Back up and restore an admin cluster

This document shows how to backup and restore the etcd store for an admin cluster created with Google Distributed Cloud (software only) for VMware. This document also provides a script that you can use to automatically back up a cluster's etcd store. You can also back up and restore an admin cluster using the gkectlcommand-line tool.
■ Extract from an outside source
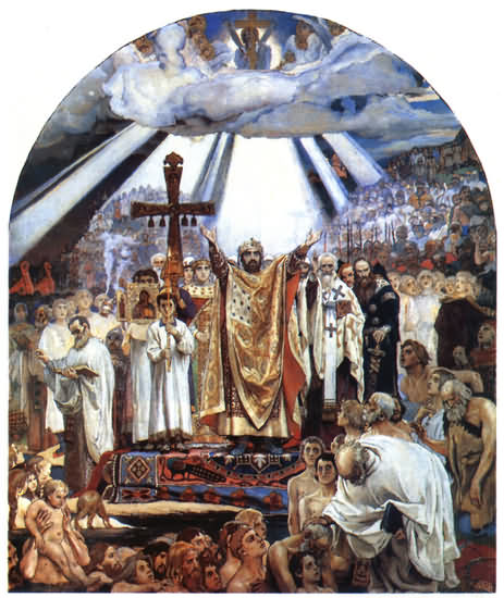 Готовясь к работам в храме, Васнецов знакомился с памятниками раннего христианства в Италии, изучал мозаики и фрески киевского Софийского собора, фрески Кирилловского и Михайловского монастырей в Киеве. За его плечами уже был опыт освоения традиций древнерусского искусства - памятников новгородского, московского, ростовского и ярославского зодчества, изучение московских старообрядческих икон, книжной миниатюры Древней Руси, народного творчества.

You can create a backup file for recovery from unexpected disasters that might damage your cluster's etcd data. Store the backup file in a location that is outside of the cluster and isn't dependent on the cluster's operation.

Limitations

The backup and restore procedure described in this document has the following limitations:

This procedure doesn't back up application-specific data.
This procedure doesn't back up your PersistentVolumes.
Workloads scheduled after you create a backup aren't restored with that backup.
You can't restore a cluster after a failed upgrade.
This procedure isn't intended to restore a deleted cluster.
Don't use this procedure for clusters with advanced cluster enabled. Instead, refer to Back up and restore advanced clusters with gkectl.

For more information about limitations, see Infrastructure incompatibility.

Backing up an admin cluster

An admin cluster backup contains the following:

A snapshot of the admin cluster's etcd.
Admin control plane's Secrets, which are required for authenticating to the admin and user clusters.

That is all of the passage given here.